For furniture: gently sponge surface to clean, blot, air dry slowly. If the uppermost layer dries too quickly while the inner part remains wet, the wood will warp and crack. Hold wood veneer in place with weights or clamps. Contact a conservator as soon as possible. If upholstery, remove cushions and seats and separate all the pieces; use dry towels or sheets to wrap the upholstered pieces and change the absorbent material as it becomes wet.

For ceramics: keep the pieces together in boxes. If possible, make sure the fragments don’t collide in the box; it’ll minimize the losses along the edges of the fragments.
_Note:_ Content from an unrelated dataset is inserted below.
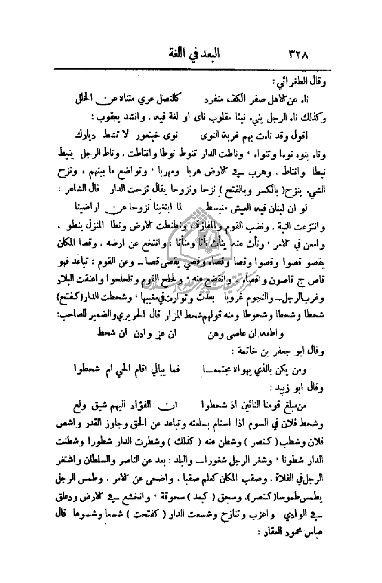 وشحط فلان في السوم إذا استام بسلعة وتباعد عن الحق وجاوز القدر واشص فلان وشطب (كنصر) وشطن عنه (كذلك) وشطرت الدار شطوراً وشطنت الدار شطوناً، وشغر الرجل شغوراً - والبلد: بعد عن الناصر والسلطان واشتغر الرجل في الفلاة، وصقب المكان كعلم صقبا، وأضحى عن الأمر، وطمس الرجل يطمس طموساً (كنصر)، وسحق (كعبد) سحوقه، وانخشع في الأرض ودعلق في الوادي، وأعزب وتنازح وشسعت الدار (كفتحت) شسعاً وشسوعاً قال عباس محمود العقاد: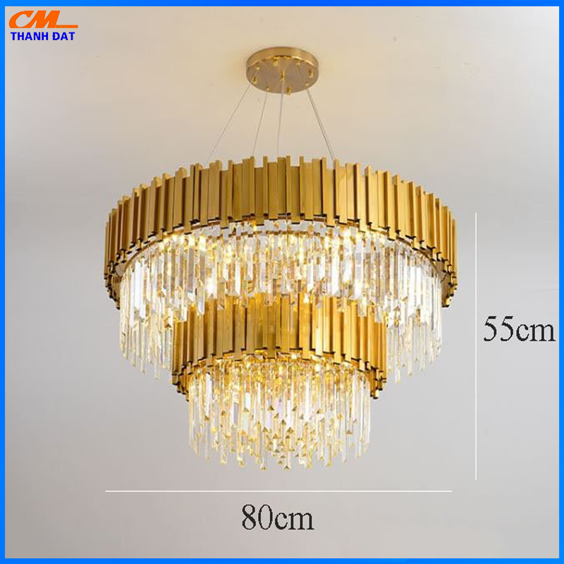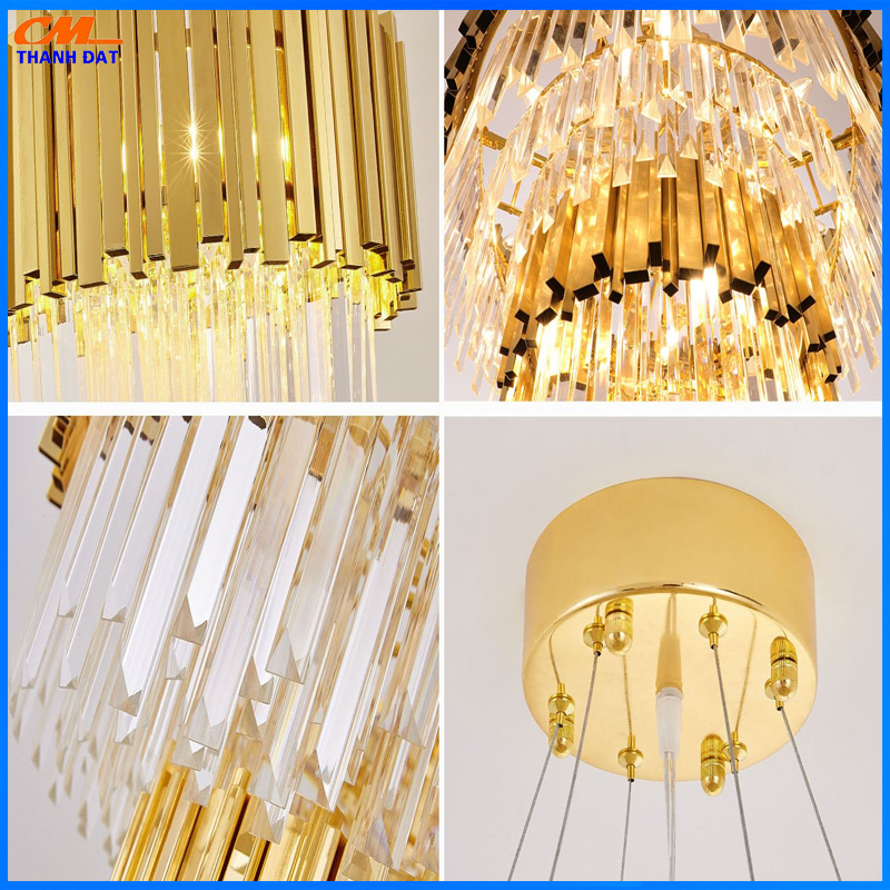 Bên dưới là rất nhiều những thanh pha lê dài lấp lánh mang nét kiêu sa, lộng lẫy. Những thanh pha lê phản chiếu ánh sáng từ đèn sẽ tạo nên một không gian vô cùng tuyệt đẹp.

For metals: handle with gloves, clean with soft sponge and blot dry; if object has an applied finish, do not attempt to clean. Air dry.

For textiles: fabrics become saturated with water and they are at risk of damage when handling them. Make sure the textile is supported. Do not stack wet textiles. Rinse, drain and blot textiles with clean towels to remove excess water. Shape textile to its original form. Air dry using fans.